--- Data shown Enclosed Below ---
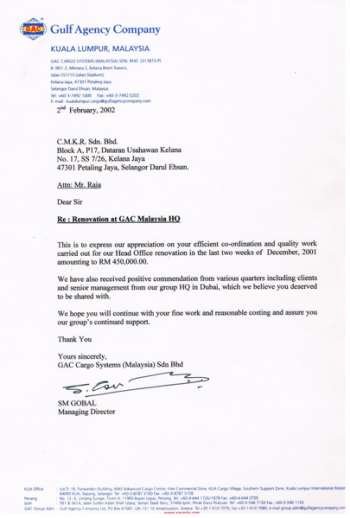 CMKR Sdn Bhd was established in Malaysia by Mr. Raja to provide quality service in the Construction and Industrial fields. Mr. Raja has been in the Construction field since 1988, serving many clients in Malaysia. During this period, he has acquired a wide range of professional skills, practical knows- how and experience to enable him to provide a wide range of services to the Construction and Industrial fields.
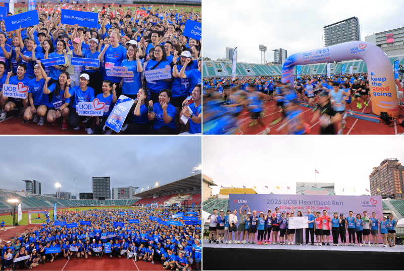 ธนาคารยูโอบี ประเทศไทย จัดงานวิ่งระดมทุนประจำปี 2025 UOB Heartbeat Run ครบรอบ 15 ปี เมื่อวันอาทิตย์ที่ผ่านมา ณ สนามศุภชลาศัย โดยมีเพื่อนพนักงาน ครอบครัว ลูกค้า และพันธมิตรธุรกิจกว่า 2,500 คน ร่วมวิ่งเพื่อสุขภาวะที่ดีและการให้คืนสู่สังคม
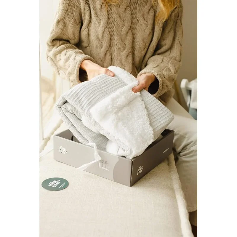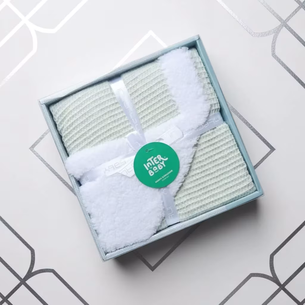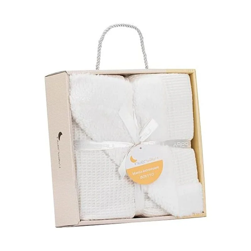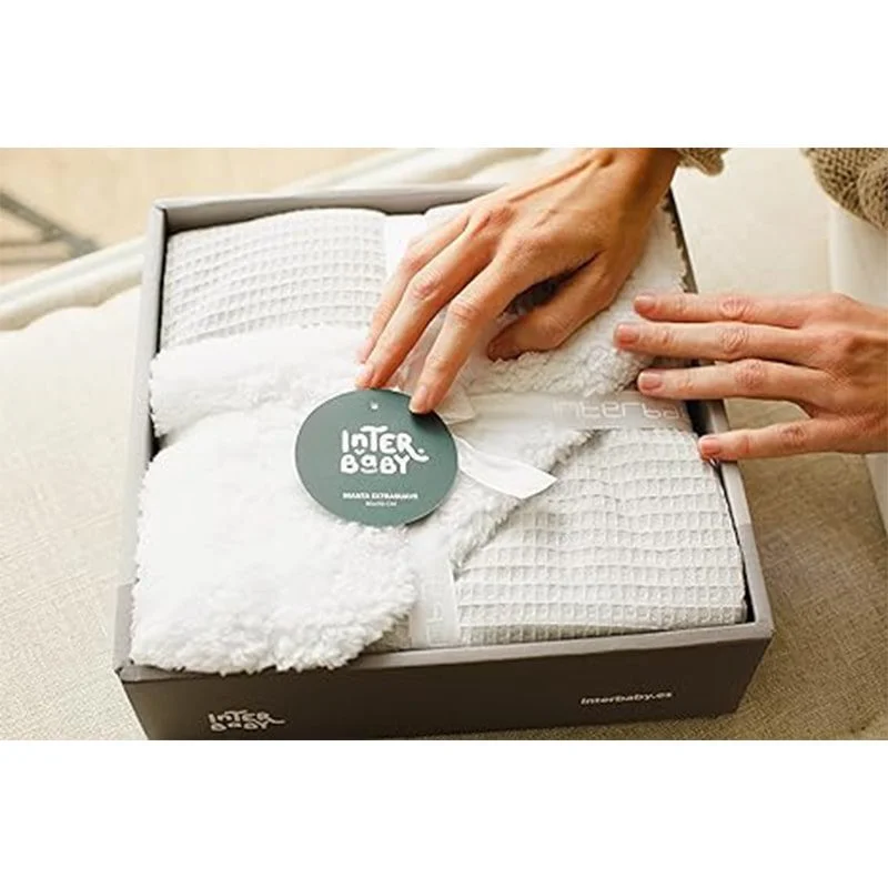 La couverture en nid d’abeille et agneau de la marque Interbaby, peut être utilisée dans le berceau, en promenade ou dans la voiture.
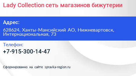 Lady Collection, сеть магазинов бижутерии по адресу 628624, Ханты-Мансийский АО, Нижневартовск, Интернациональная, 73 в дальнейшем Организация, размещена в следующих категориях:
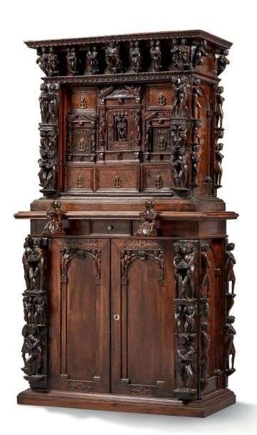 STIPO à deux corps en bois de noyer très richement sculpté.
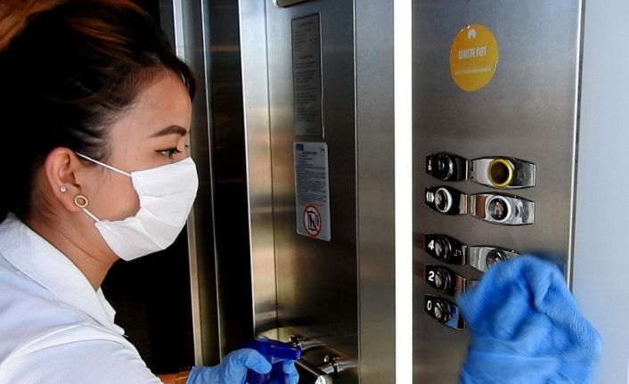 ASANSÖRLER DEZENFEKTE EDİLİYOR.
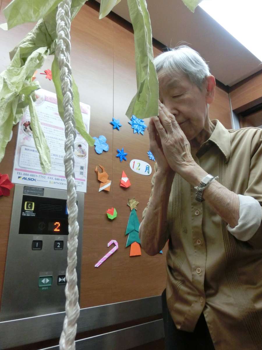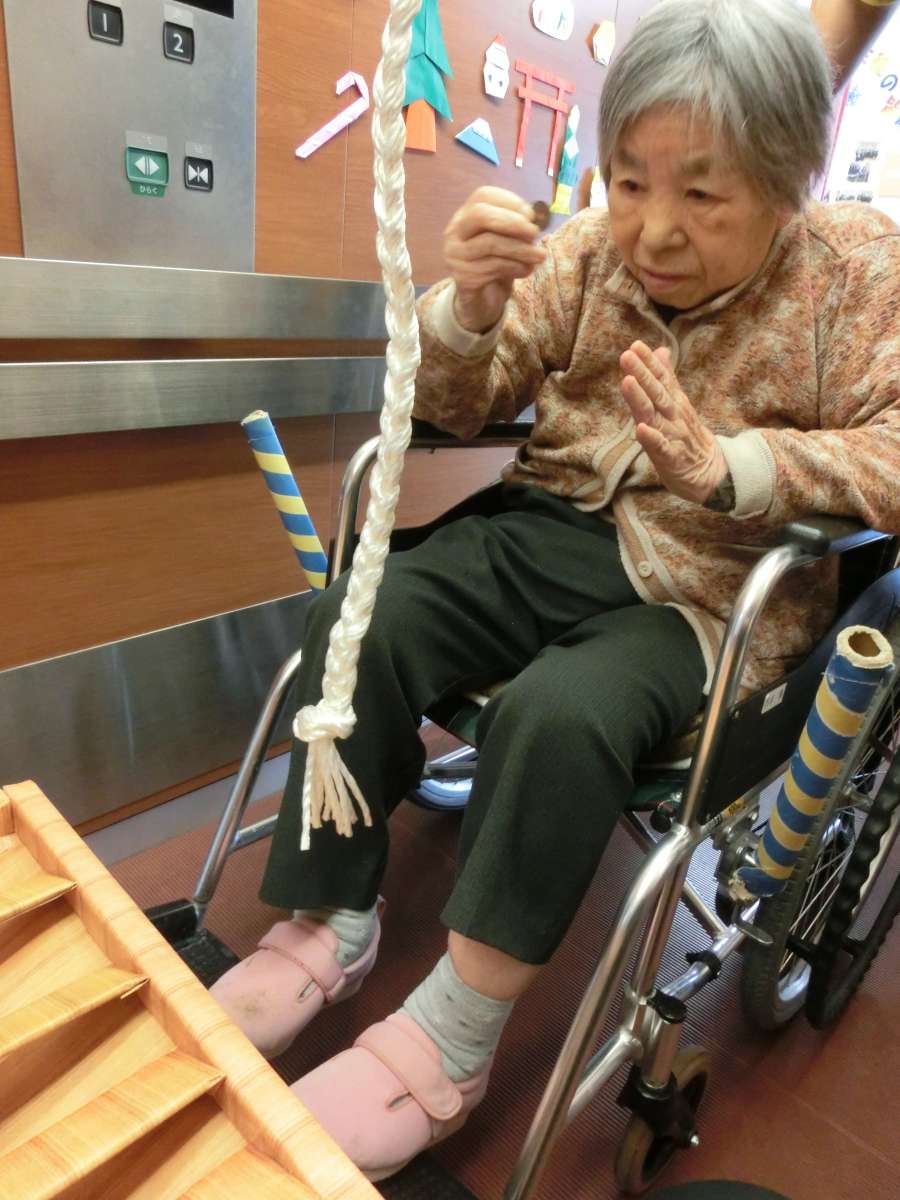 参拝の作法が完璧な入居者様もいらっしゃり、たまたまお正月にお越しになられたご家族様も入居者様と一緒に参拝されました。
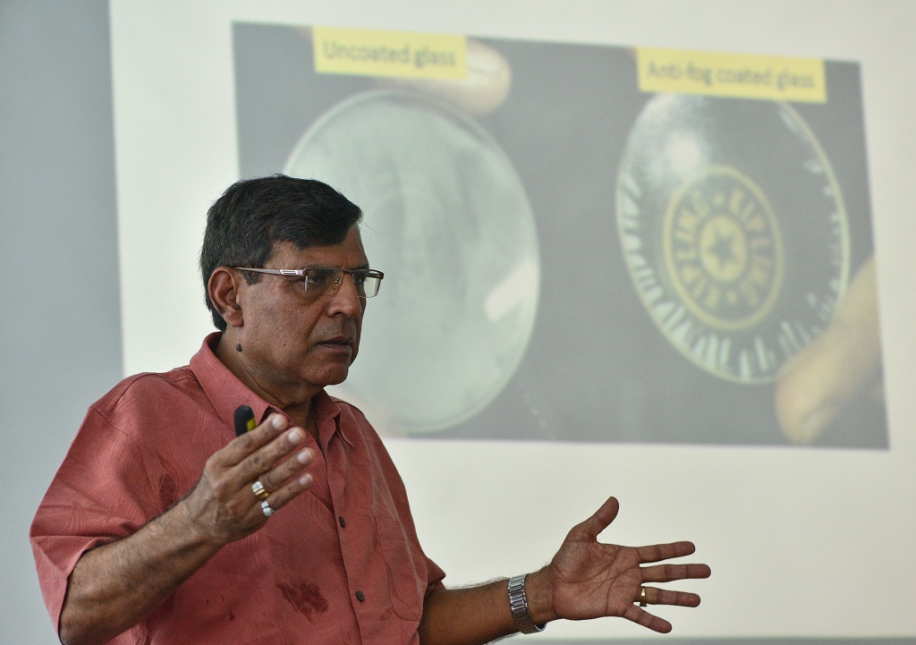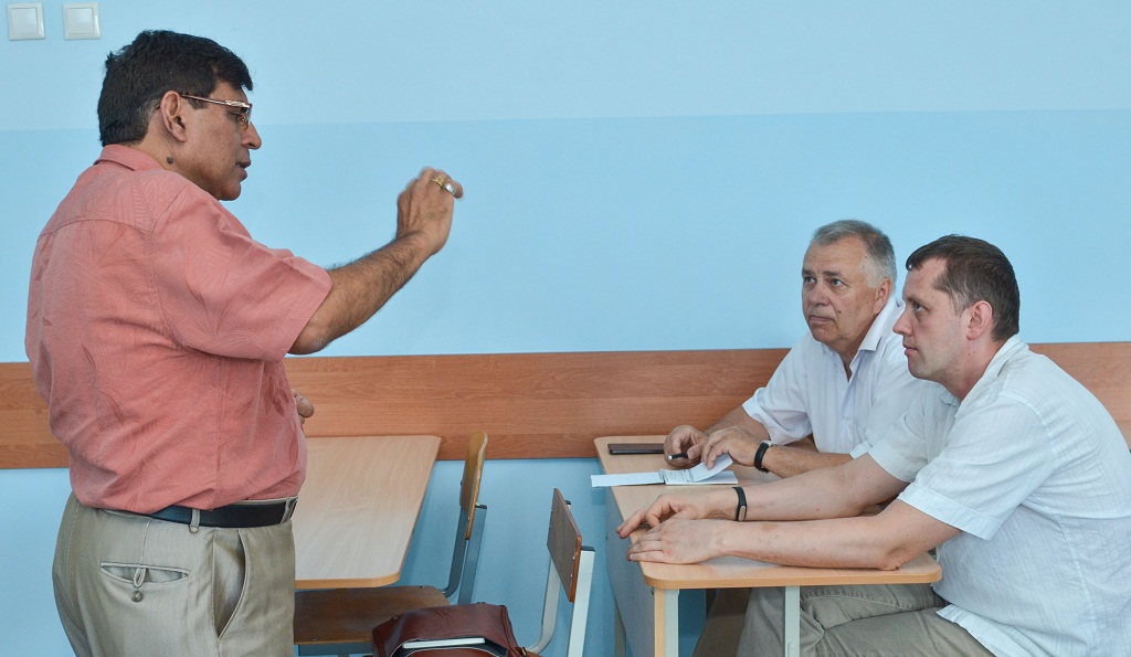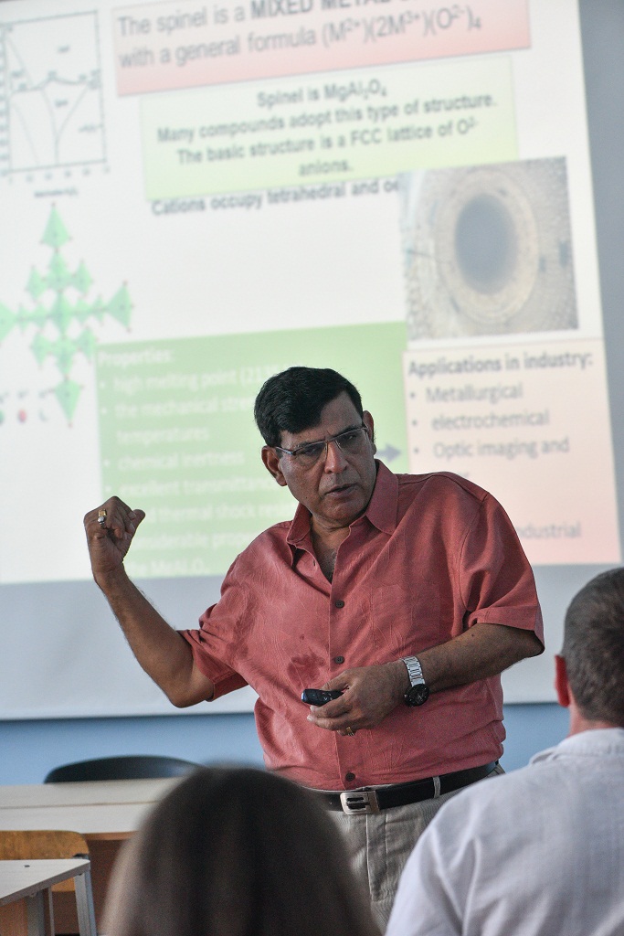 Гость Гомельского госуниверситета — профессор Индийского технологического института Ананда Ханна, прибывший в вуз с деловым визитом, прочел ряд лекций для преподавателей и сотрудников факультета физики и информационных технологий ГГУ. Их тематика касалась специфики прозрачных покрытий для оптики, свойств покрытий на основе графена. Лекции ученого вызвали живой интерес аудитории, активно откликнувшейся на обсуждение общих вопросов исследования.
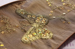 蝶をモチーフにデザインされた刺繍が奏でる美しさには
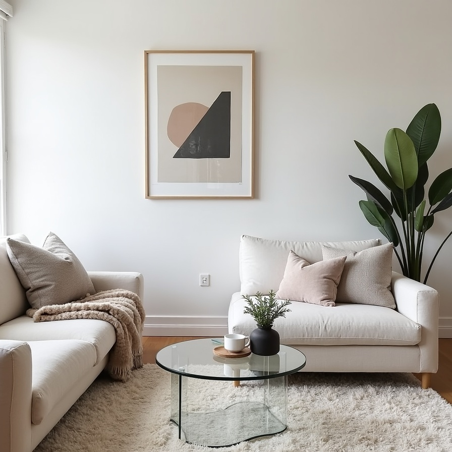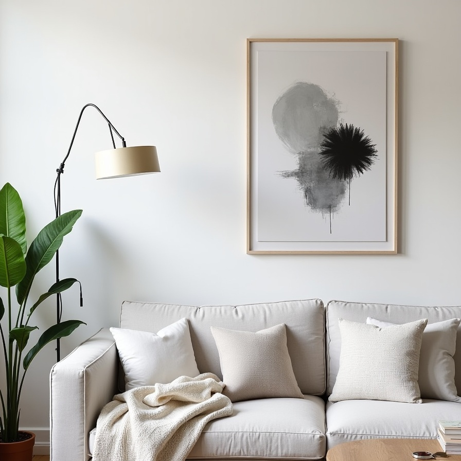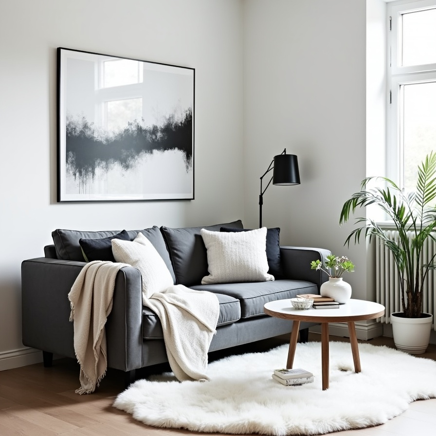 Clean lines define this Scandinavian living room, softened by plush cushions and a fur throw that invite relaxation. Muted abstract artwork serves as a modern focal point without disrupting the neutral harmony.
--- End of Enclosed Data shown ---
== Assignment ==
Beginning with the line that holds "Lady Collection, сеть", write out exactly the lines down to the end of the material above, and no others. Pictures are not part of the copy.

== The completed task ==
 Lady Collection, сеть магазинов бижутерии по адресу 628624, Ханты-Мансийский АО, Нижневартовск, Интернациональная, 73 в дальнейшем Организация, размещена в следующих категориях:
 STIPO à deux corps en bois de noyer très richement sculpté.
 ASANSÖRLER DEZENFEKTE EDİLİYOR.
 参拝の作法が完璧な入居者様もいらっしゃり、たまたまお正月にお越しになられたご家族様も入居者様と一緒に参拝されました。
 Гость Гомельского госуниверситета — профессор Индийского технологического института Ананда Ханна, прибывший в вуз с деловым визитом, прочел ряд лекций для преподавателей и сотрудников факультета физики и информационных технологий ГГУ. Их тематика касалась специфики прозрачных покрытий для оптики, свойств покрытий на основе графена. Лекции ученого вызвали живой интерес аудитории, активно откликнувшейся на обсуждение общих вопросов исследования.
 蝶をモチーフにデザインされた刺繍が奏でる美しさには
 Clean lines define this Scandinavian living room, softened by plush cushions and a fur throw that invite relaxation. Muted abstract artwork serves as a modern focal point without disrupting the neutral harmony.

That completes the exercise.